Stored data

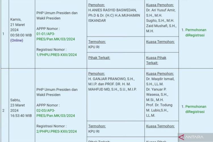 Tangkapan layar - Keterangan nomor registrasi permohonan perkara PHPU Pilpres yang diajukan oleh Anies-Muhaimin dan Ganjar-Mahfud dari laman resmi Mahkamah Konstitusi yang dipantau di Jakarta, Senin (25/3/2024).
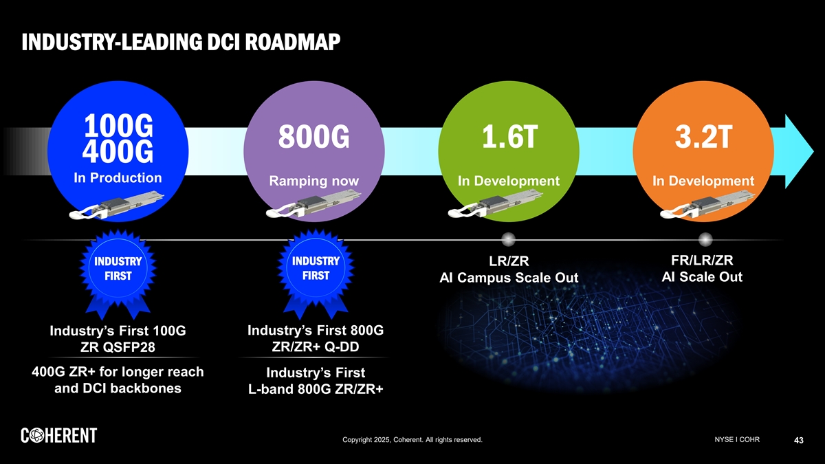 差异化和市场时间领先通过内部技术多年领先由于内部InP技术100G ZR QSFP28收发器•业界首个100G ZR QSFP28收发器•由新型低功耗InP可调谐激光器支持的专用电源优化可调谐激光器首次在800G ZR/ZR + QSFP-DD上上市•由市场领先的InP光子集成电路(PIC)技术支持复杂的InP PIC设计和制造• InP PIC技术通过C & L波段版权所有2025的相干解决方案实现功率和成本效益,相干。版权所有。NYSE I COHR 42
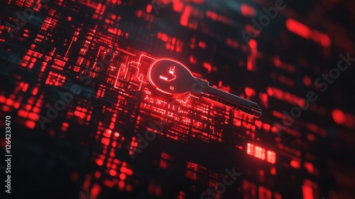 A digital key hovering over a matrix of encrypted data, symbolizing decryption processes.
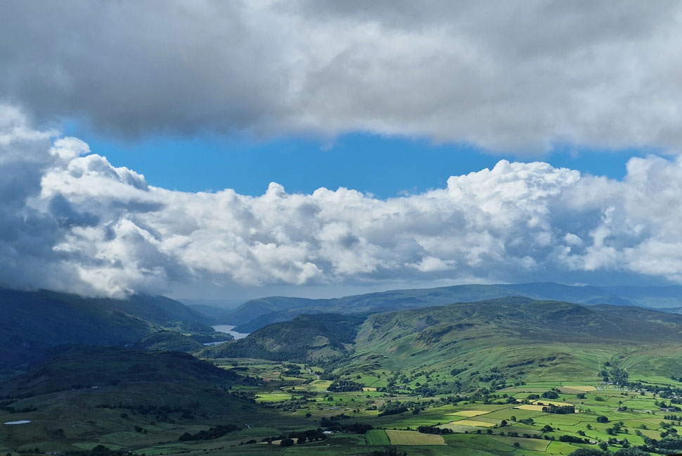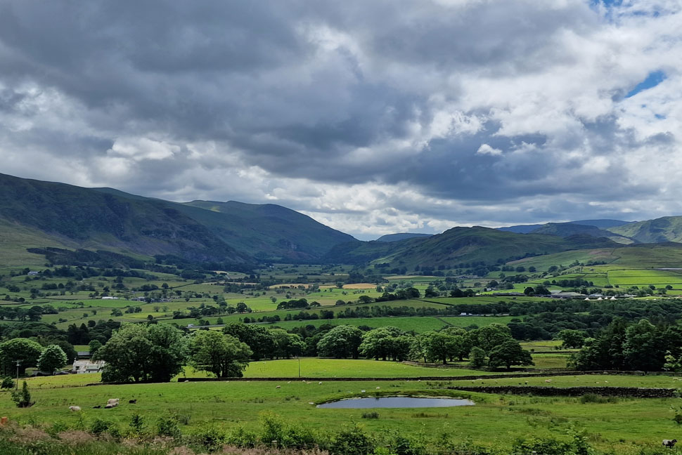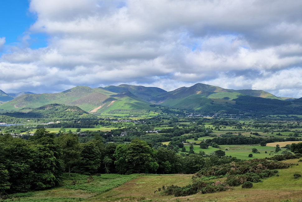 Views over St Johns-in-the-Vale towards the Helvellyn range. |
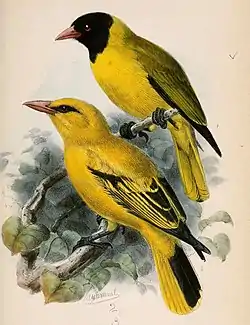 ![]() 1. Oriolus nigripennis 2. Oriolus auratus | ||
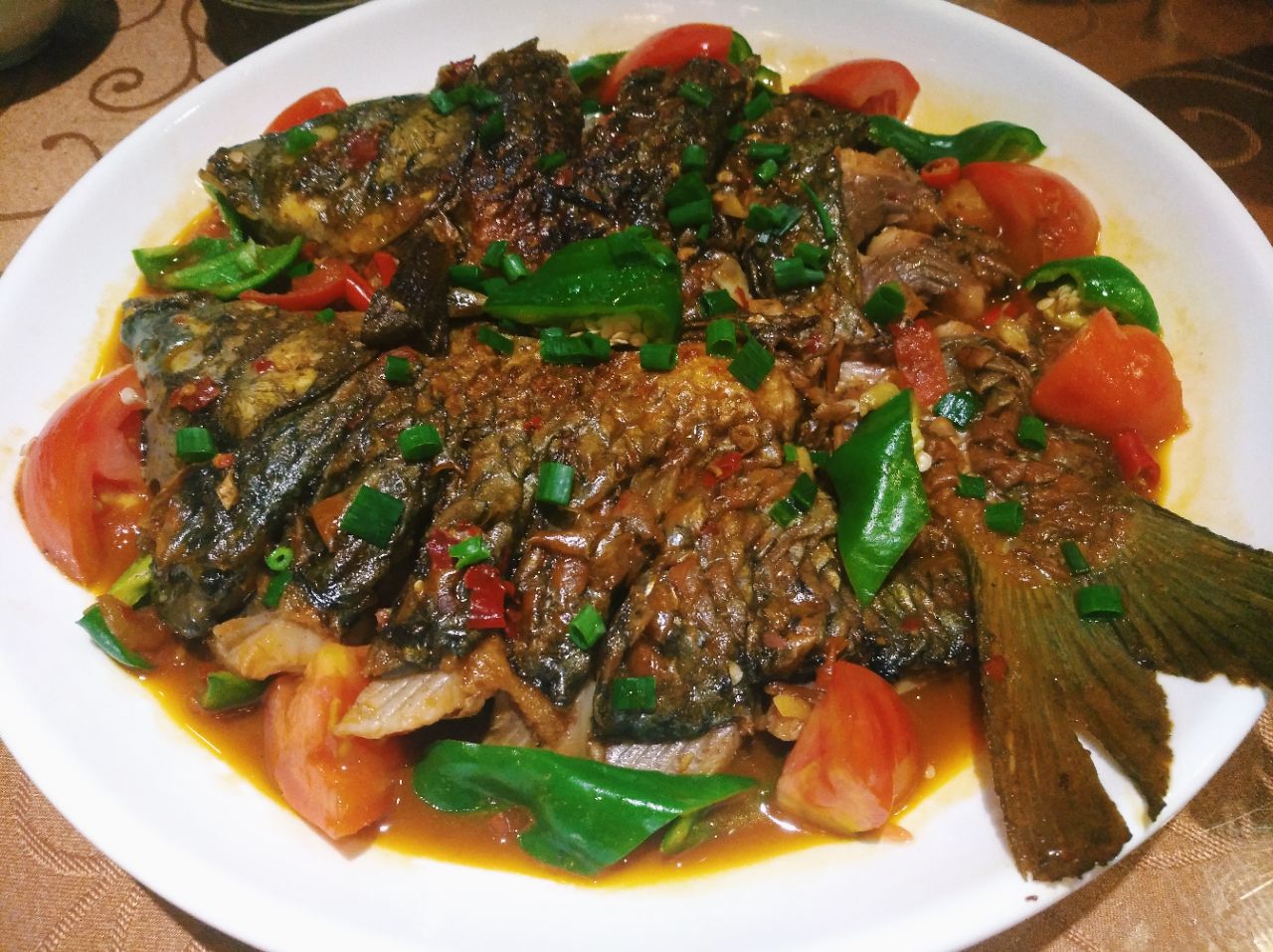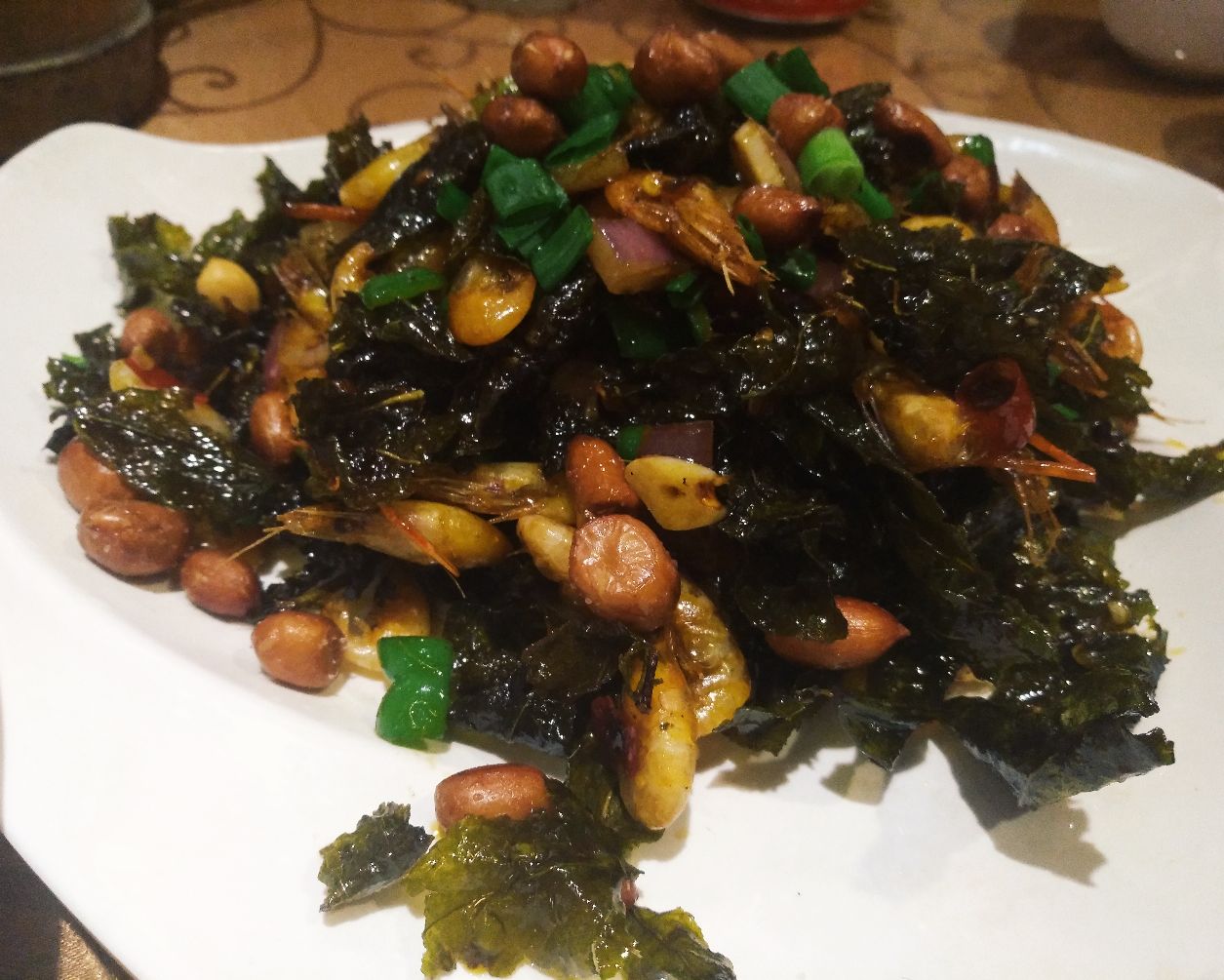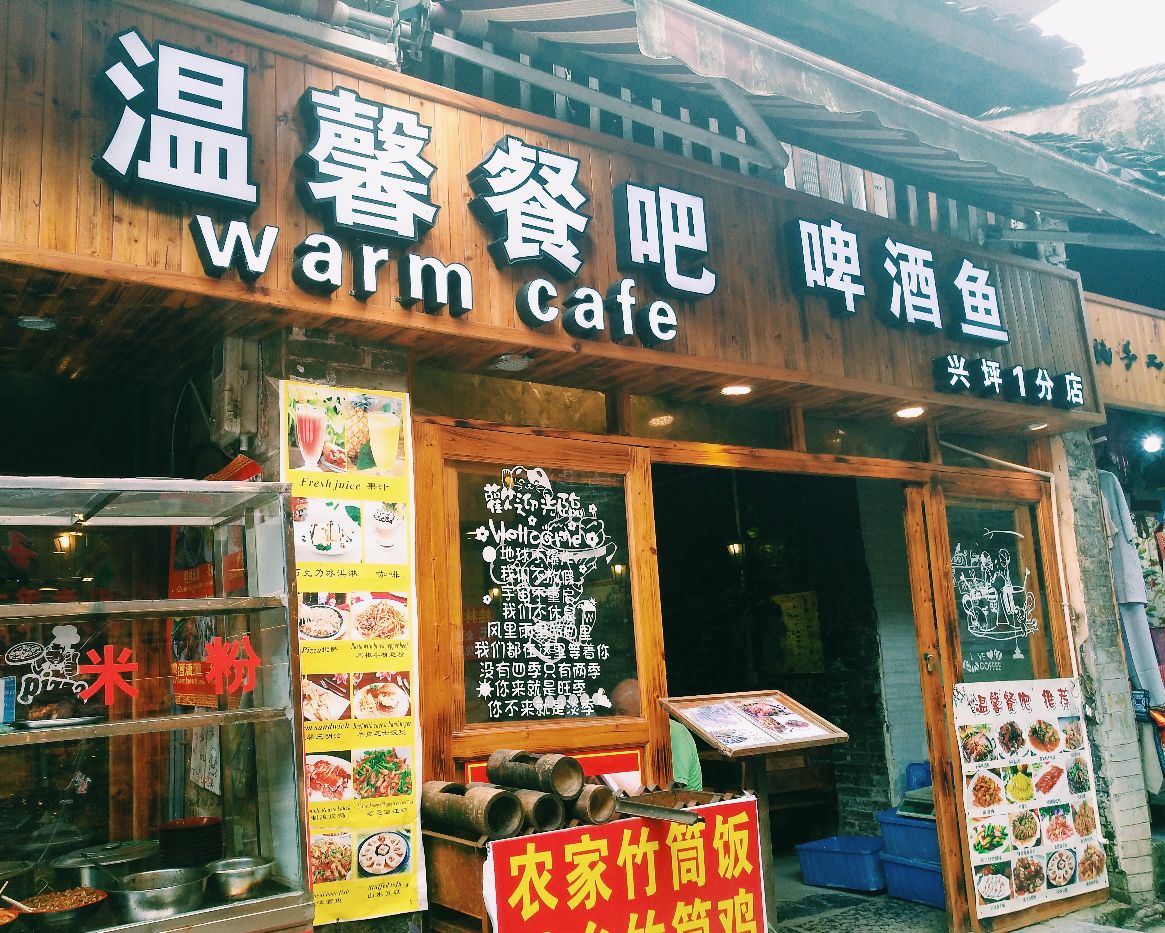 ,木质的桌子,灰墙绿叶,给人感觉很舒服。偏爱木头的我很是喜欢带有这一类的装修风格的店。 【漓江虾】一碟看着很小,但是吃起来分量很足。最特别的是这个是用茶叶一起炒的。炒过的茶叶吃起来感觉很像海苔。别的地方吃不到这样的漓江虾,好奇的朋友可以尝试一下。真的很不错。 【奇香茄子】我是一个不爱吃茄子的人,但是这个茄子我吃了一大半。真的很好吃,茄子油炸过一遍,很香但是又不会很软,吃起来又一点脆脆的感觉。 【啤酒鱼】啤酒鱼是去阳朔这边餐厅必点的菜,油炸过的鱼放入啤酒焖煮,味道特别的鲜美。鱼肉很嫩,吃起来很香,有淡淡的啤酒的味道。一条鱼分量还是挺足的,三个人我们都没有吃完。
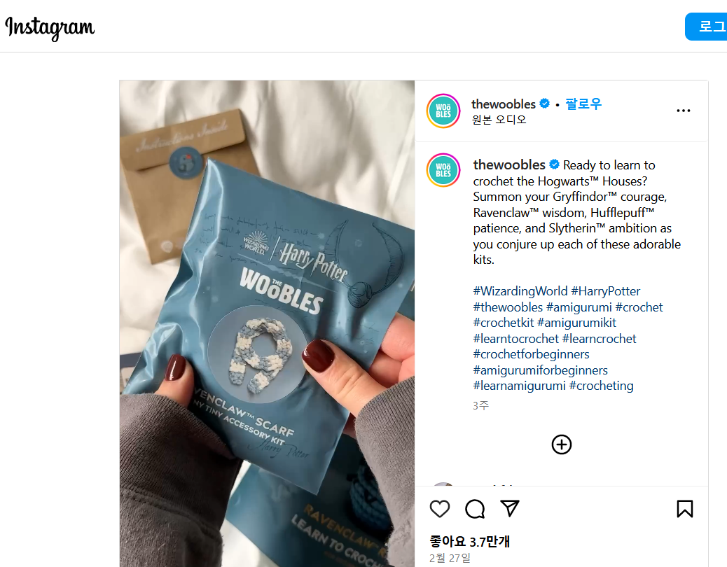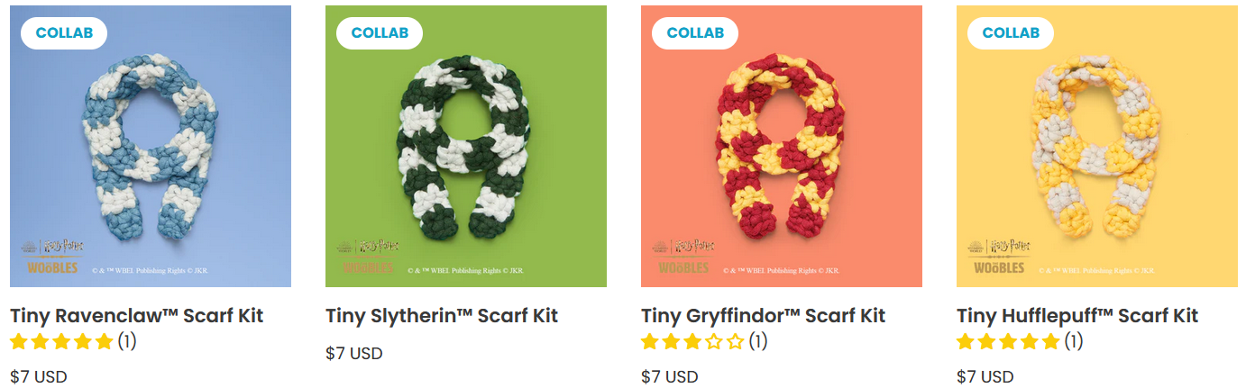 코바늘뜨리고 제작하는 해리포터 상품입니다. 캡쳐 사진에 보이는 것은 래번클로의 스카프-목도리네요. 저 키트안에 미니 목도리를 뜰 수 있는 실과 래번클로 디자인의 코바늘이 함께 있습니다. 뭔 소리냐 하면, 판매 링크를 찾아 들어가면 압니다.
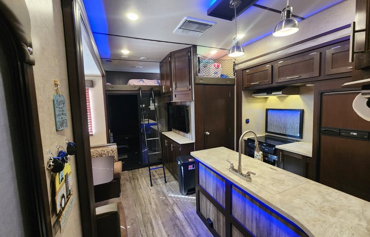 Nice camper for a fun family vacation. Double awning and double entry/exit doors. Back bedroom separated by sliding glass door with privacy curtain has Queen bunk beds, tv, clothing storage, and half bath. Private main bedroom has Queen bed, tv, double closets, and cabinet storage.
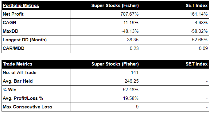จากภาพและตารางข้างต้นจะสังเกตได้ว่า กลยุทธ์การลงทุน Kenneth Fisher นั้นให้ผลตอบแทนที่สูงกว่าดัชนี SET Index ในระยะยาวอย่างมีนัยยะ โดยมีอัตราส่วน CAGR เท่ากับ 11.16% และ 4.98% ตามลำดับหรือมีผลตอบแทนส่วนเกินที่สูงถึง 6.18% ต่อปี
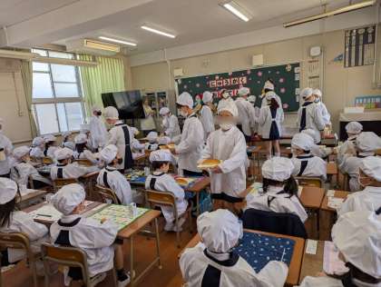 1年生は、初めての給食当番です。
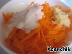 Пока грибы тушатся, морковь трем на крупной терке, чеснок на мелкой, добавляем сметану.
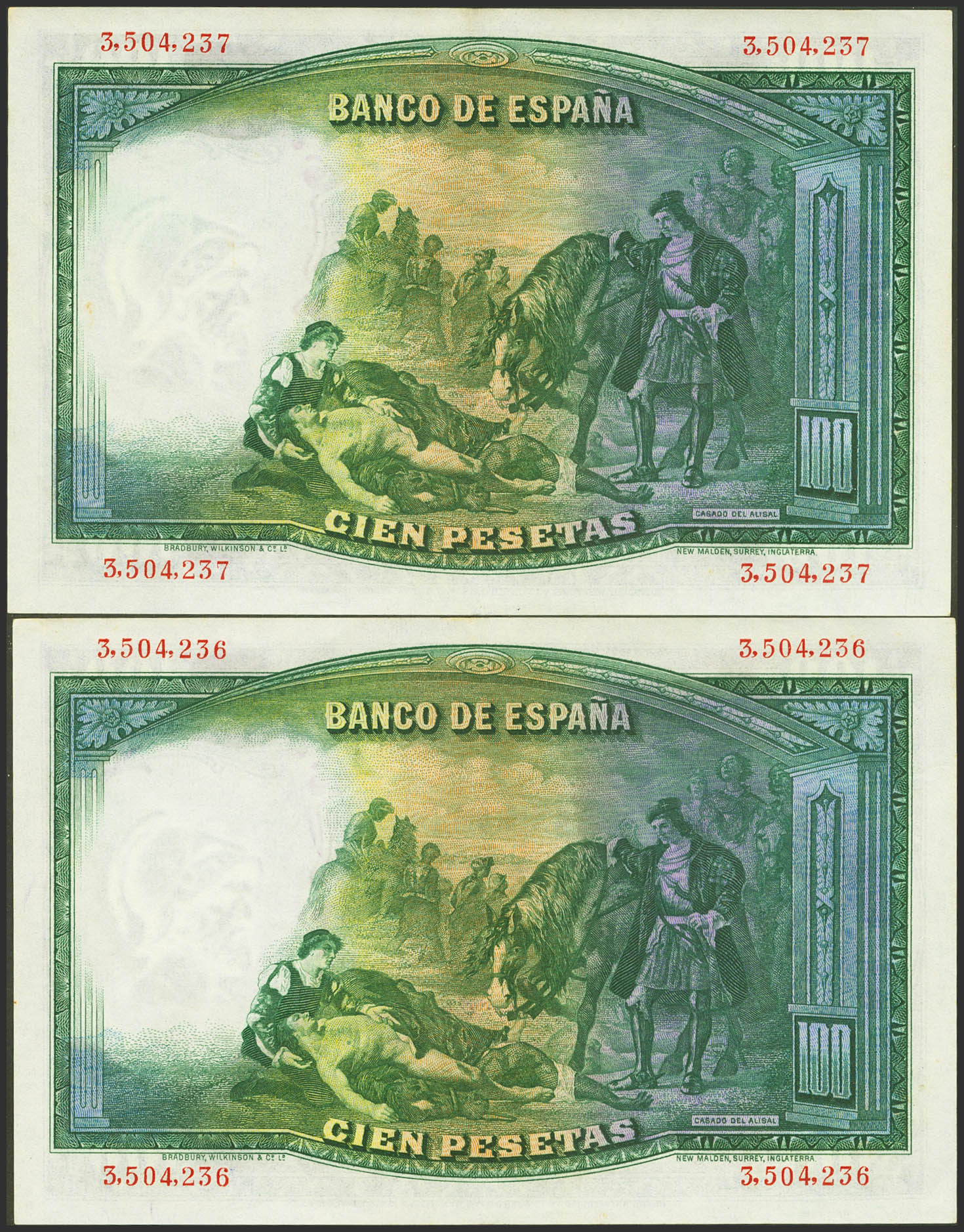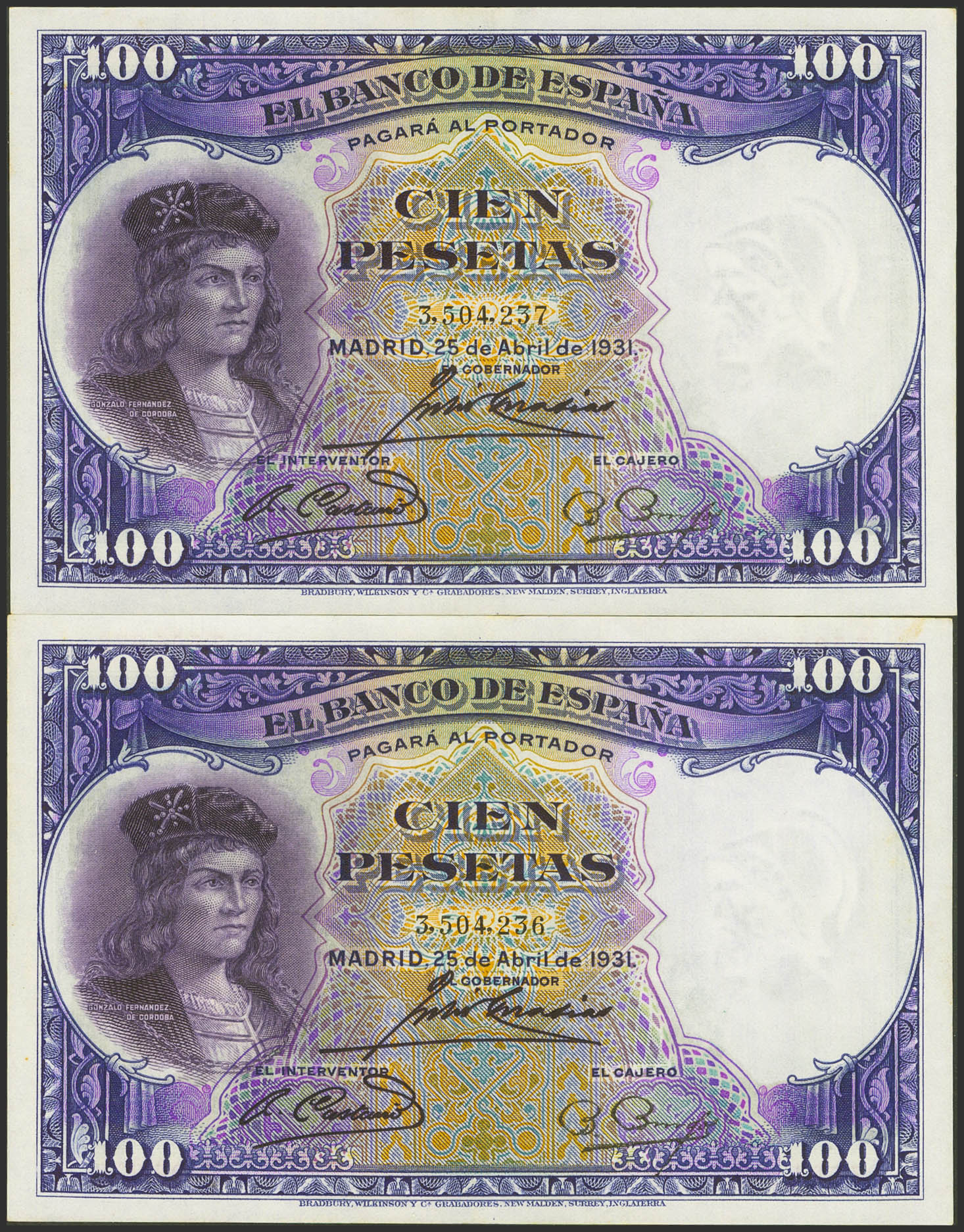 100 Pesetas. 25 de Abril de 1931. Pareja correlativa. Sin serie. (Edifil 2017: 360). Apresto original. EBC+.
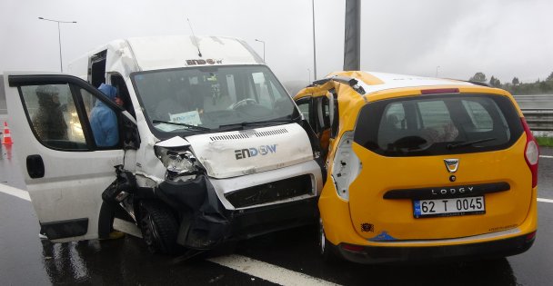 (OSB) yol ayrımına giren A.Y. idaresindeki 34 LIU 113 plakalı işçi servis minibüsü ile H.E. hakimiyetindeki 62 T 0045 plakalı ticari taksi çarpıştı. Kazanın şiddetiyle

» **TASK ITEM**: Leaving out all pictures, print exactly the lines above from the one containing "1年生は、初めての給食当番です。" through the last line of the entries.

» **RESPONSE**:
 1年生は、初めての給食当番です。
 Пока грибы тушатся, морковь трем на крупной терке, чеснок на мелкой, добавляем сметану.
 100 Pesetas. 25 de Abril de 1931. Pareja correlativa. Sin serie. (Edifil 2017: 360). Apresto original. EBC+.
 (OSB) yol ayrımına giren A.Y. idaresindeki 34 LIU 113 plakalı işçi servis minibüsü ile H.E. hakimiyetindeki 62 T 0045 plakalı ticari taksi çarpıştı. Kazanın şiddetiyle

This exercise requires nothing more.